Backpropogation is an algorithm which uses the chain rule to more easily compute the derivatives of the units in the neural network. The general idea behind backpropogation is this:

Consider a perceptron unit $j$ in the neural network. We then define $z_i$ as the inputs from a unit in the previous layer to $j$, and $w_{j,i}$ as the weight on the link between $i$ and $j$.

Then:

$$a_j = \sum_{i} w_{j,i} z_{i}$$

and

$$z_j = h(a_j)$$

        w_j1,i1
( i1 ) ----------
        w_j1,i2   \
( i2 ) ----------- ( j1 ) -------- (k1)
        w_j1,i3  /               /
( i3 )----------   ( j2 ) ------

To update an individual weight parameter in the neural network $w_{j,i}$ we need to find $\frac{\delta E}{\delta w_{j,i}}$ where $E$ is the overall error of the network.
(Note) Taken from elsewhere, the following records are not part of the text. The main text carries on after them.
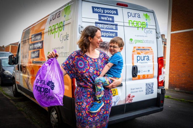 Bristol has begun England’s largest nappy recycling trial. Collections for participating families started on July 31. Absorbent hygiene products make up around 8 per cent of the city’s household general waste bins. The recycled nappies will be turned into notice boards, paving material for roads and cycle paths, and other items – photo: Pura
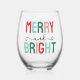 Merry and Bright Christmas Stemless Wine Glass
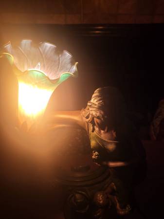 19" x 11"Art Nouveau Tiffany-Style Lily Shade Vanity Mirror Table Lamp - $135 (Fairfax)
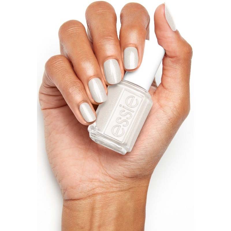 Λευκό βερνίκι νυχιών με γκρι υποτόνους και διακριτικό ασημί shimmer (shimmer).
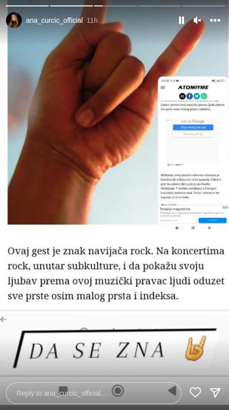 – Ovaj gest je znak navijača rok. Na koncertima rok, unutar subkulture, da pokažu svoju ljubav prema ovoj muzički prvac ljudima oduzeti sve prste osim malog i indeksa – stoji u ovoj čudnoj objavi, odakle saznajemo da je Ana očigledno veliki fan rok muzike.
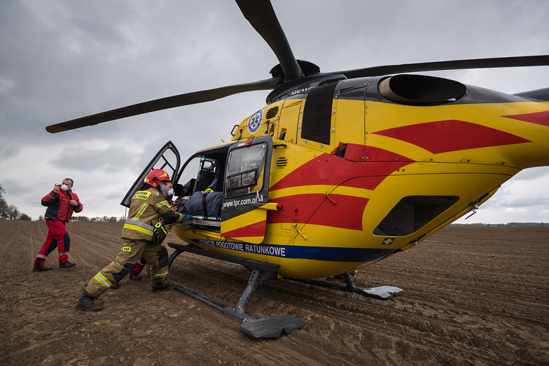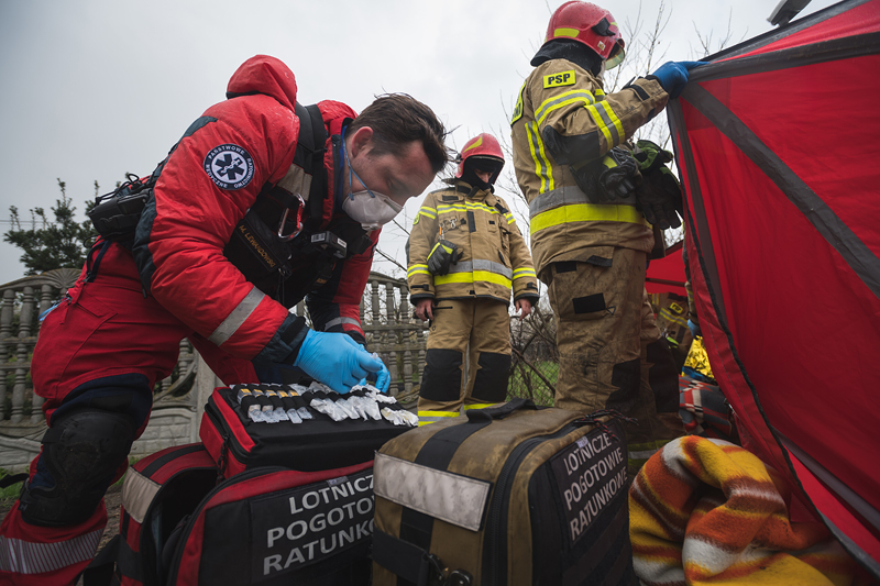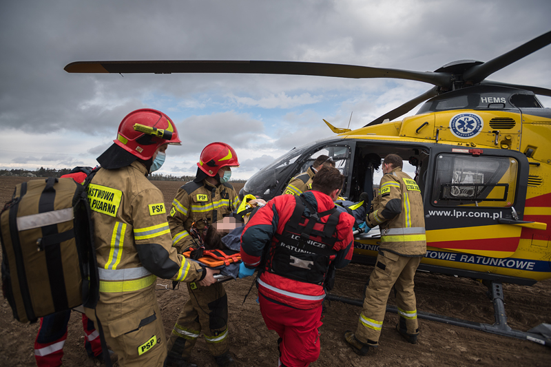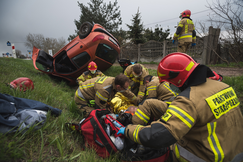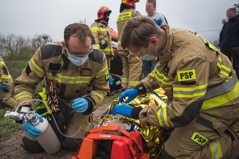 Działania straży pożarnej polegały na zabezpieczeniu miejsca zdarzenia oraz udzieleniu kwalifikowanej pierwszej pomocy poszkodowanym osobom dorosłym. Dziecko nie doznało żadnych obrażeń. 23-letniego kierującego oraz 20-letnią pasażerkę przekazano służbom medycznym - załodze helikoptera Lotniczego Pogotowia Ratunkowego "Ratownik 12" oraz zespołowi ratownictwa medycznego.
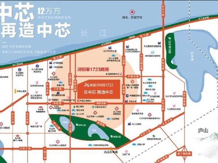 自驾:项目位于浔阳区庐峰路与浔阳路交汇处,立于城市正中心主干道,道路四通八达,各大交通道路贯穿整个城区交通枢纽,扼守老城中心发展主轴,十几条公交线路环绕,出行方便快捷。火车站离项目2km,全国各地随时启程;汽车站离项目2.5km,区县间畅通无阻;城际快速车道离项目1km,20分钟抵达全城;1km到达长江大桥收费站,湖北、安徽自由穿梭,更可去往南昌、湖北、广州、安徽、湖南、

From the chain rule we can say that:

$$\frac{\delta E}{\delta w_{j,i}} = \frac{\delta E}{\delta a_{j}} \frac{\delta a_{j}}{\delta w_{j,i}}$$

Since $a_{j} = \sum_{i}{w_{j,i} z_{i}}$:

$$\frac{\delta a_{j}}{\delta w_{j,i}} = z_{i}$$

And since $z_{j} = h(a_{j})$:

$$\frac{\delta z_{j}}{\delta a_{j}} = h'(a_{j})$$

Let us define

$$\frac{\delta E}{\delta a_{j}} = \delta_{j}$$

Note that the error at node $j$ can decomposed across the nodes $k \in K$ that $j$ sends its outputs too. So we can use the chain rule again to find that:

$$\delta_{j} = \sum_{k}{\frac{\delta E}{\delta a_{k}} \frac{\delta a_{k}}{\delta a_{j}}}$$

Note that:

$$\frac{\delta E}{\delta a_{k}} = \delta_{k}$$

And:

$$a_{k} = \sum_{j} w_{k,j} z_{j} = \sum_{j} w_{k,j} h(a_{j})$$

So:

$$\frac{\delta a_{k}}{\delta a_{j}} = h'(a_{j}) w_{k,j}$$

And finally:

$$\delta_{j} = h'(a_{j}) \sum_{k}{(w_{k,j} \delta_{k})}$$

And:

$$\frac{\delta E}{\delta w_{j,i}} = z_{j} \delta_{j}$$

$$\frac{\delta E}{\delta w_{j,i}} = z_{j} h'(a_{j}) \sum_{k}{(w_{k,j} \delta_{k})}$$

This may look a bit messy, but it's actually quite elegant when considered recursively. Note that for the output nodes we can say that $\delta_{out} = \hat{y} - y$. So to make a neural network update we essentially follow a forward / backward algorithm

  1. Get the prediction for the network. In the process keep track of the inputs $z$ for every node.
  2. Calculate the error at the output node $\delta_{n} = \hat{y} - y$.
  3. For every layer starting from $n-1$ calculate the weight update using $\delta_k$ values from the previous layer.
  4. Update the weights using $w_{j,i}' = w_{j, i} + \eta \frac{\delta E}{\delta w_{j,i}}$

Neural network optimizations

With backpropogation and powerful computers it's very easy to design complicated neural networks that (in theory) can learn very complicated functions. And while we can do gradient descent and backpropagation to train network, gradient descent can get stuck in local minima so we can use different optimization techniques like using momentum terms, calculating higher order derivatives, using randomized optimization algorithms, and adding regularization parameters to penalize complexity.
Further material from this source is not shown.